- Indian exports -12.7%, imports in oil & gold rise
- Oil rising 5% in two days cps gains in Indian Rupee
- US Dollar (USD) trades cautiously lower ahead of FOMC
- No rate change expected, economic projections in focus
The US Dollar Indian Rupee (USD/INR) exchange rate is trading mildly lower on Wednesday, after a positive close in the previous session. The pair settled on Tuesday -0.3% at 73.60. At 10:30 UTC, USD/INR trades -0.08% at 73.54.
India’s trade balance is showing signs of normalising. After months of weak demand both imports and exports are picking up. The trade deficit in August was -$6.8 billion after printing at -$4.8 billion in July.
In August India’s exports declined -12.7% year on year. Imports rose month on month owing to a jump in commodity demand amid low inventory. Oil imports rose to above $6.4 billion whilt gold demand also soared to the strongest level in 15 months. Analysts at Barclays expect to see the trade deficit, which they consider to be low and manageable, to turn into a current account surplus in the FY21.

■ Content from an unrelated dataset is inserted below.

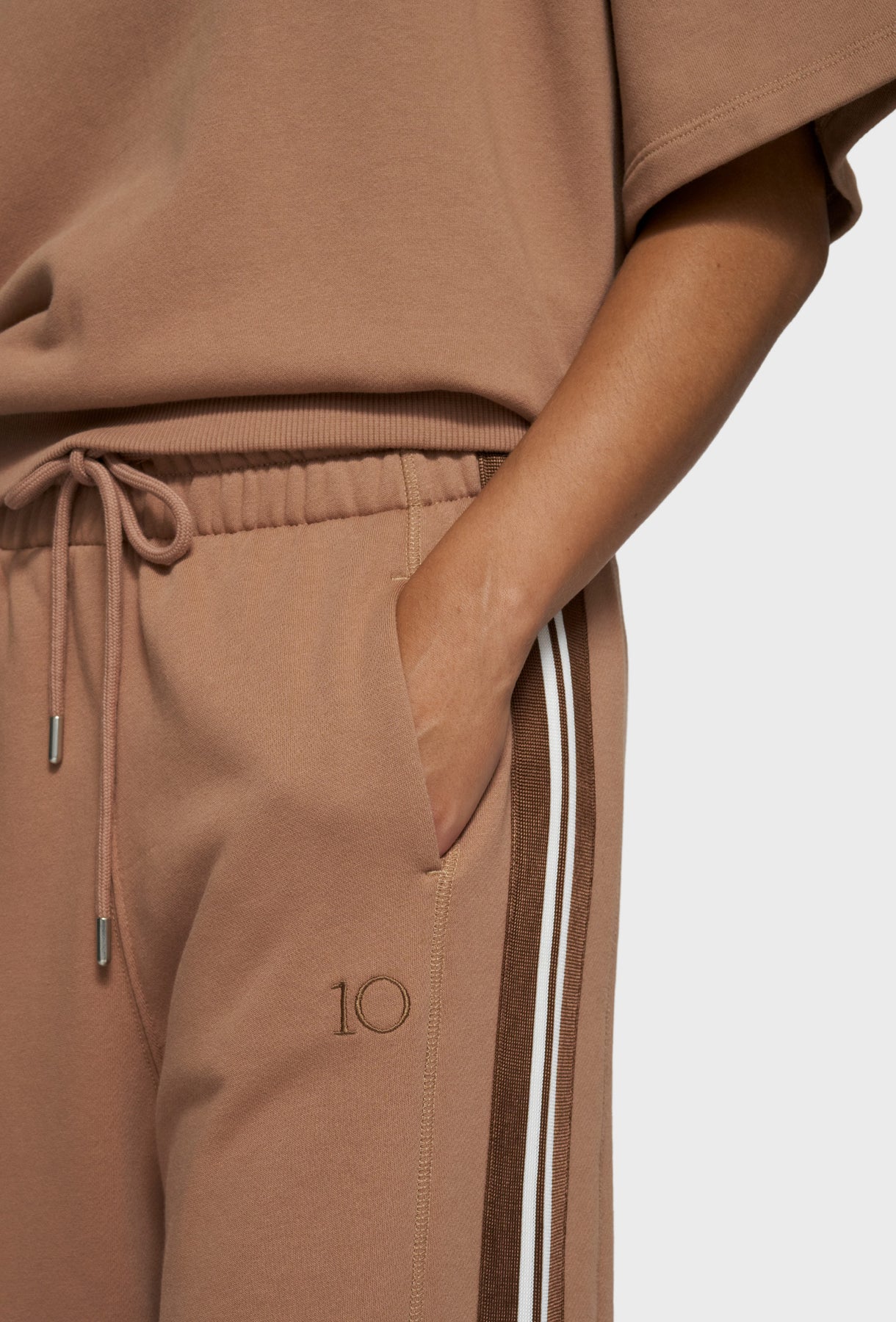 Ten dwuczęściowy komplet marki 10DAYS w pięknym, karmelowym odcieniu to idealny balans między sportowym luzem a modowym szykiem. W skład zestawu wchodzi bluza z krótkim rękawem o swobodnym kroju oraz spodnie z szerokimi nogawkami, które wyróżniają się kontrastowymi pasami po bokach, nadającymi całości miejskiego charakteru. Bluza ma subtelne logo na piersi, a spodnie posiadają wygodną gumkę w pasie z troczkami oraz dyskretny haft 10DAYS przy kieszeni. Dzięki wysokiej jakości wykonania i ponadczasowej kolorystyce, ten dresowy zestaw zostanie w Twojej szafie na długo, gwarantując wygodę bez rezygnacji z dobrego wyglądu.

Meanwhile surging oil prices are acting as a drag. The price of oil has rallied over 5% over the past two days after the American Petroleum Institute (API) revealed a huge decline in inventories -9.5 million barrels vs 2.04 million increase expected. Production disruptions in the Gulf of Mexico due to Hurricane Sally is also boosting the price of oil.

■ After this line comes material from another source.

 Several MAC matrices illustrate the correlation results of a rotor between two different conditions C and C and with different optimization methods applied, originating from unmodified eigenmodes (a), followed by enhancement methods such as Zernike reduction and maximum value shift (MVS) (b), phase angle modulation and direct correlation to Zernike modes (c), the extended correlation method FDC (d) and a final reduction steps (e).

US Dollar is edging lower versus its major peers as investors look cautiously ahead to the Federal Reserve monetary policy decision latter today. The Fed is expected to hold steady, with no changes to monetary policy.
The principal focus will be on the economic projections, particularly growth and inflation. The dot plot, which maps out the Fed’s interest rate expectations could fall reflecting the central banks’ recent change of approach. The shift is policy framework will see the Fed allowing inflation to overshoot 2% to make up for the long periods of inflation running below 2%. This could drag on demand for the US Dollar.